A rare case of breast cancer combining two distinct types, adenoid cystic and lobular carcinoma, highlights the need for precise diagnosis and tailored treatment.

## Contribution

First documented case of a hybrid breast tumor composed of adenoid cystic and lobular carcinoma.

## Key findings

- The tumor exhibited both triple-negative adenoid cystic and hormone receptor-positive lobular components.
- Sentinel lymph nodes showed no metastasis despite the aggressive Ki-67 index in the lobular component.
- The case emphasizes the importance of integrating histomorphology and immunohistochemistry for accurate diagnosis.

## Abstract

Adenoid cystic carcinoma (ACC) of the breast is an exceedingly rare subtype of triple-negative breast cancer, accounting for less than 0.1% of all breast malignancies. In contrast, invasive lobular carcinoma (ILC) is a more common special histologic type, comprising 5-15% of breast cancers and typically characterized by estrogen receptor positivity and complete loss of epithelial cadherin (E-cadherin) expression. The coexistence of these two biologically and morphologically distinct neoplasms within the same breast lesion is exceptionally rare and, to our knowledge, has not been previously documented.

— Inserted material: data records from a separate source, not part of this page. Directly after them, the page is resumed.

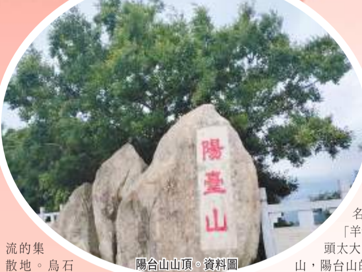
陽台山山頂。資料圖

烏石岩廟的香火不是一般的繁盛，四鄉八鎮的人們都來朝拜，逐漸形成一個商業中心。由於佛寺的公共屬性，寺廟人員流動量極大，明清形成了「因寺立墟」的習慣，「烏石岩墟」便也應運而生，明嘉慶《新安縣志》卷2《輿地略·墟市》記載為「新增」，可見該墟當成立於嘉慶年間（1796-1820）。烏石岩墟地處南頭、龍華、公明交界，連接珠江口和陽台山山區，是漁貨和山貨交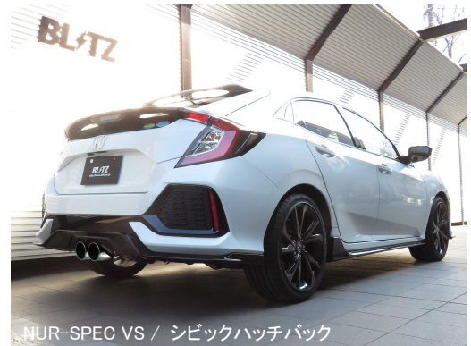
NUR-SPEC VS / シビックハッチバック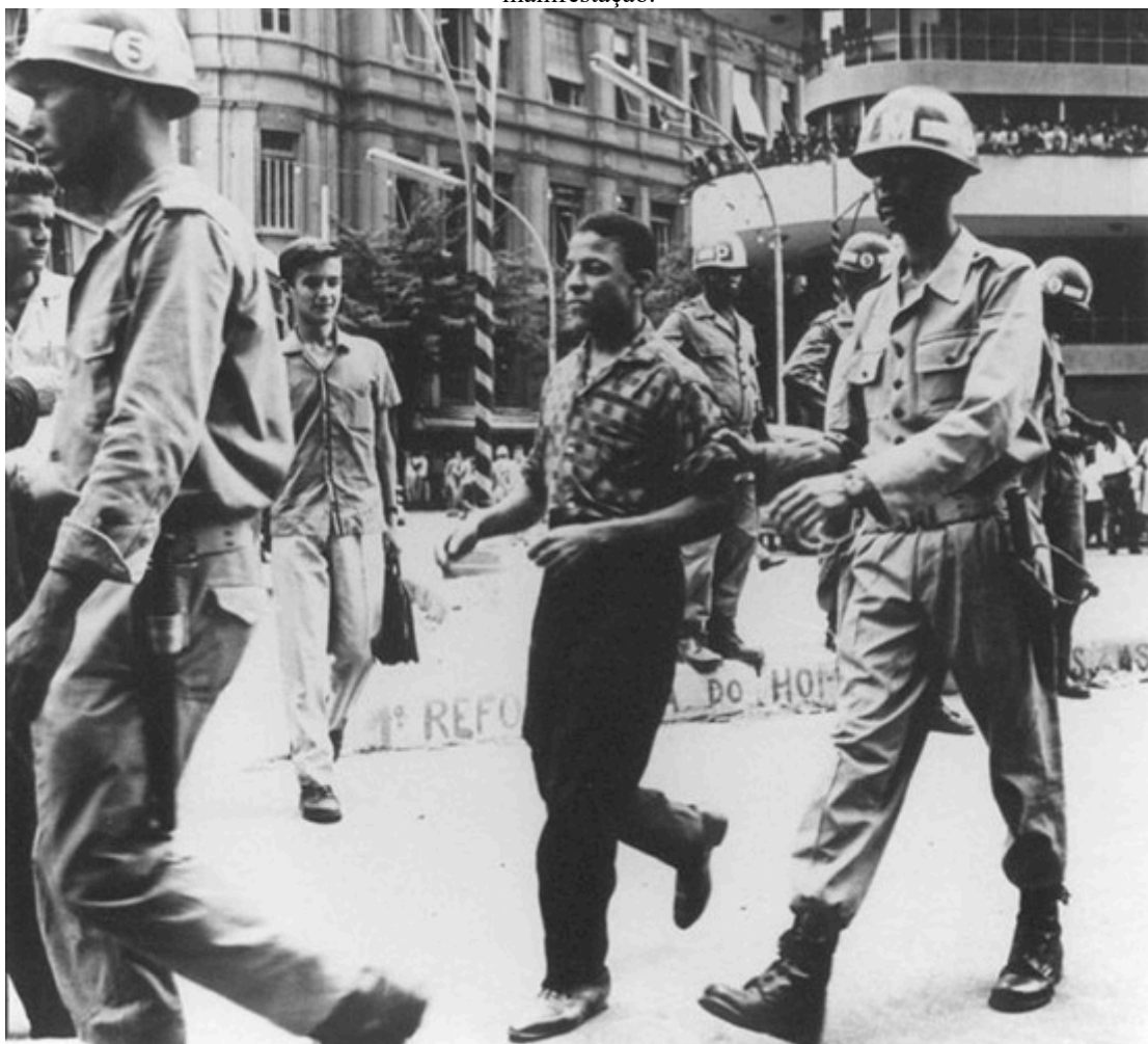
Imagem 13: Homem negro é preso pelas Forças Armadas em Belo Horizonte durante uma manifestação.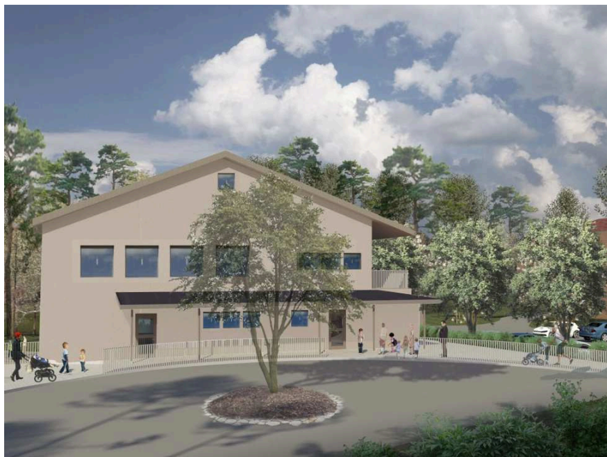
Illustration, från söder/vändplan (Cedervall arkitekter)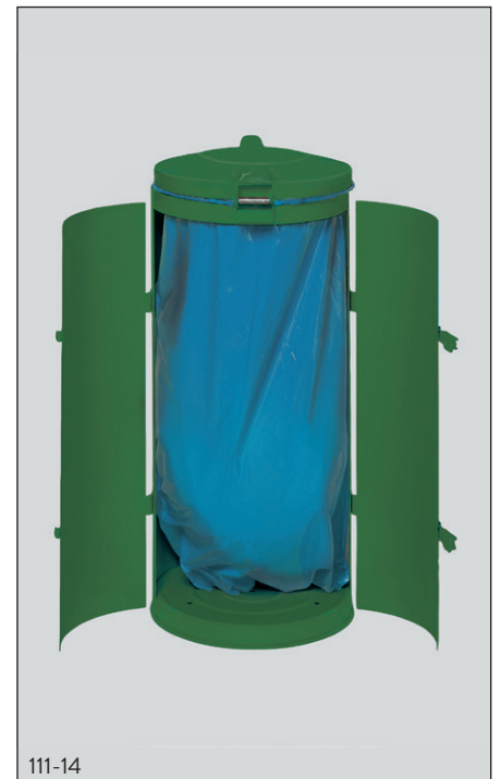
Abb.: Mit Doppelflügeltür. Einfaches Wechseln des Abfallsackes.

Als Zubehör wird ein Satz Halterungen (Art.-Nr. 1085) angeboten. Diese „Halter“ werden einbetoniert und können mit dem Boden des Kompakt-Doppeltür-Luxus verbunden werden. Eine absolute Standfestigkeit ist somit gewährleistet.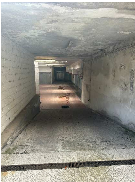
4. Dettaglio della rampa.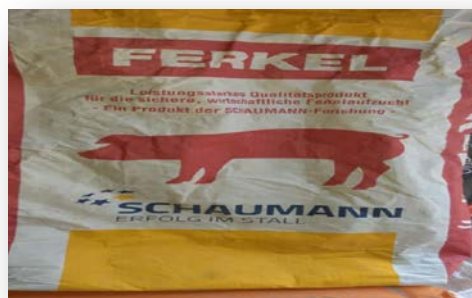
Slika 9. Dopunska krmna smjesa za prasad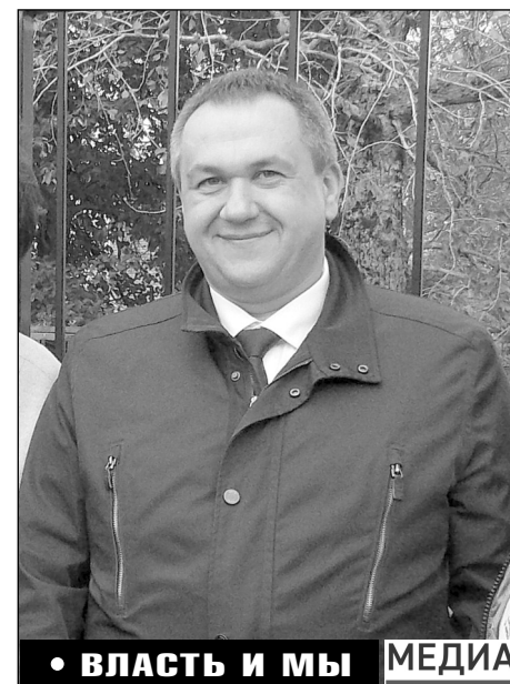
• ВЛАСТЬ И МЫ

При годовом плане 17 638 тыс. руб. на сферу культуры израсходовано 17 631 тыс. руб. или 99% от плана.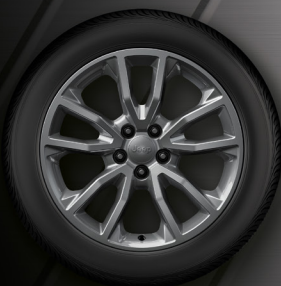
18" DISKY Z LEHKÝCH SLITIN Standard – Limited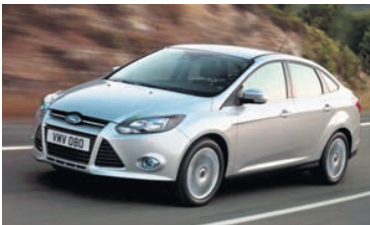
Sala á Ford-bílum minnkaði um 18% í Rússlandi í fyrra.

vænsta sportbíl. Þessi vél þarf líka að anda meira en aðrir vélarkostir í Range Rover Sport og því eru stærri loftinntök að framan og að aftan eru myndarleg fjögur pústop. Ekki er ljóst hvar Jaguar/Land Rover ætlar að kynna þennan bíl, en ekki er talið ólíklegt að það verði á bílasýningunni í New York sem hefst um miðjan apríl. Þó gæti hann fyrst sést á bílasýningunni í Peking í lok apríl, enda eru margir vænlegir kaupendur bílsins þar.

A 62-year-old Caucasian female patient presented with nonspecific stinging discomfort in the right breast. Diagnostic imaging revealed a 1.8 cm irregular, spiculated mass. A core needle biopsy demonstrated invasive mammary carcinoma that was estrogen receptor-positive, progesterone receptor-positive, and human epidermal growth factor receptor 2 (HER2)-negative. Following right breast mastectomy and sentinel lymph node biopsy, final pathology revealed a biphasic neoplasm composed of both ACC and lobular carcinoma (LC) components. The ACC component exhibited classic cribriform and tubular architecture, a triple-negative immunophenotype, strong transformation-related protein 63 (p63) and cluster of differentiation 117 (CD117; c-Kit) positivity, and a low Ki-67 proliferation index (9.8%). The LC component lacked a classic single-file growth pattern but showed dyscohesive cell clusters with complete loss of E-cadherin expression, strong estrogen receptor positivity (94.18%), and a markedly elevated Ki-67 index (42.9%). All seven sentinel lymph nodes were negative for metastatic carcinoma.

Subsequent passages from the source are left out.